Leave the pictures out, and repeat exactly every line from the one with "МАЗ | Еврофура |" through the end of the data below.

Top of DATASET SECTION

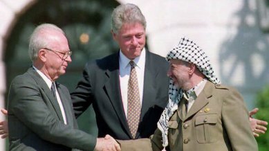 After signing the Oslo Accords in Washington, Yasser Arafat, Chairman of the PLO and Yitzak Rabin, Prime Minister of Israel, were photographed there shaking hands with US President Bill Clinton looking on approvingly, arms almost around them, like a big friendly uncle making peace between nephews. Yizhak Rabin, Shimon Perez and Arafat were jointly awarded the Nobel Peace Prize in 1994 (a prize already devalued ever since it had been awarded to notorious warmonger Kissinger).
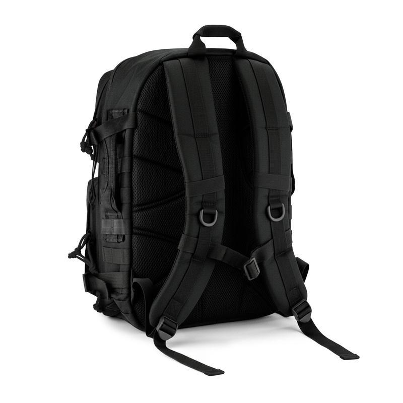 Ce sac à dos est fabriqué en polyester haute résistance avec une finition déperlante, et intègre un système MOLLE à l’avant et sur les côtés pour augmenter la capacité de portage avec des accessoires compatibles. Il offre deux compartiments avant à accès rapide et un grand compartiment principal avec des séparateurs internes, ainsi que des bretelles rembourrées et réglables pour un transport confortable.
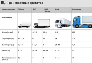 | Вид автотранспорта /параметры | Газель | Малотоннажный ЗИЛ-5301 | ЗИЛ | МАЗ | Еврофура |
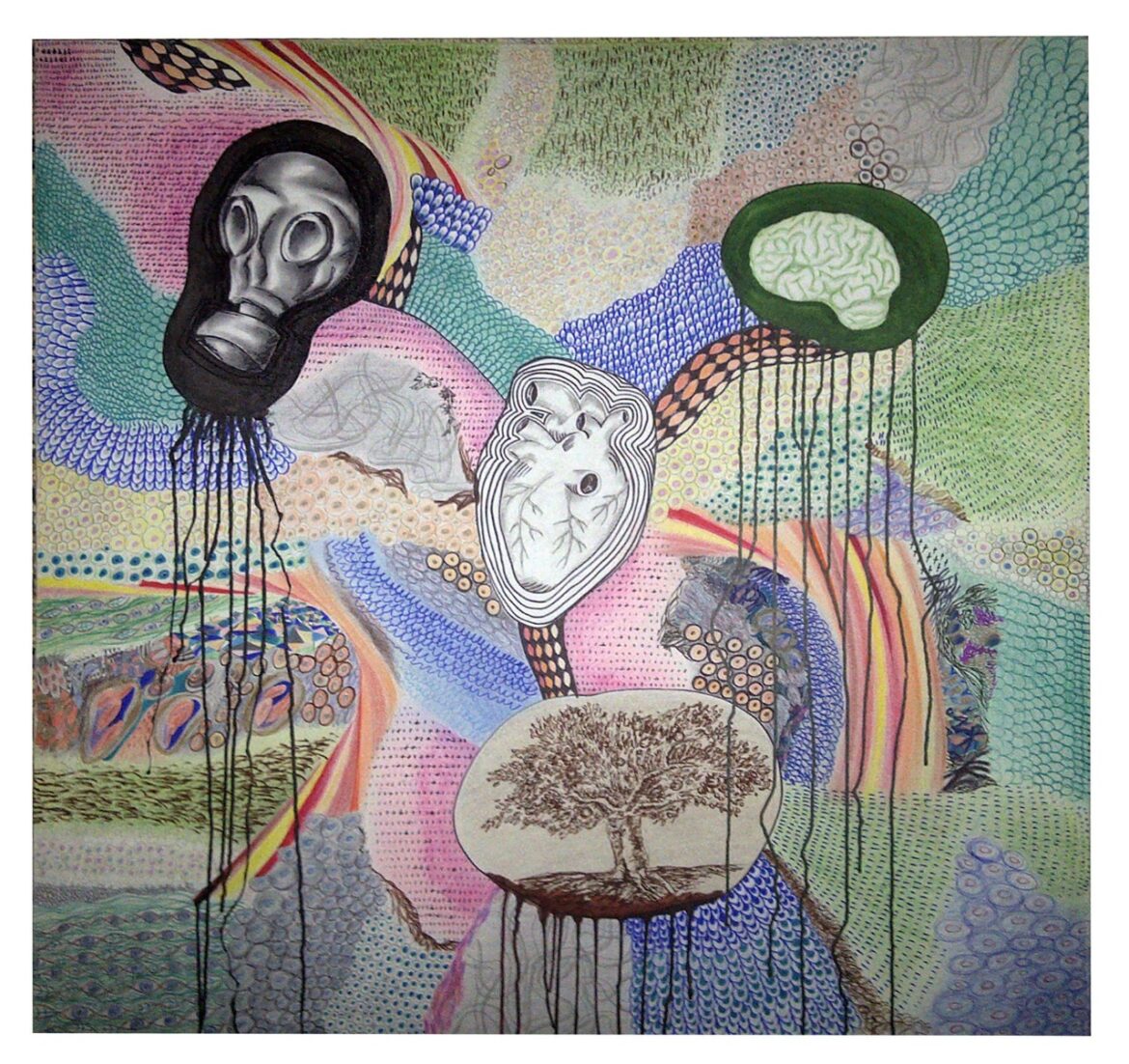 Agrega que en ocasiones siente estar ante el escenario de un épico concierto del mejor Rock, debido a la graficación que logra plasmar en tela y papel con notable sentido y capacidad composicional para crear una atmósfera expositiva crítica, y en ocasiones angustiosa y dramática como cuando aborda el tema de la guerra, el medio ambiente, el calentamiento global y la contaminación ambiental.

Bottom of DATASET SECTION

> [SOLUTION FOR THIS PROBLEM]:
 | Вид автотранспорта /параметры | Газель | Малотоннажный ЗИЛ-5301 | ЗИЛ | МАЗ | Еврофура |
 Agrega que en ocasiones siente estar ante el escenario de un épico concierto del mejor Rock, debido a la graficación que logra plasmar en tela y papel con notable sentido y capacidad composicional para crear una atmósfera expositiva crítica, y en ocasiones angustiosa y dramática como cuando aborda el tema de la guerra, el medio ambiente, el calentamiento global y la contaminación ambiental.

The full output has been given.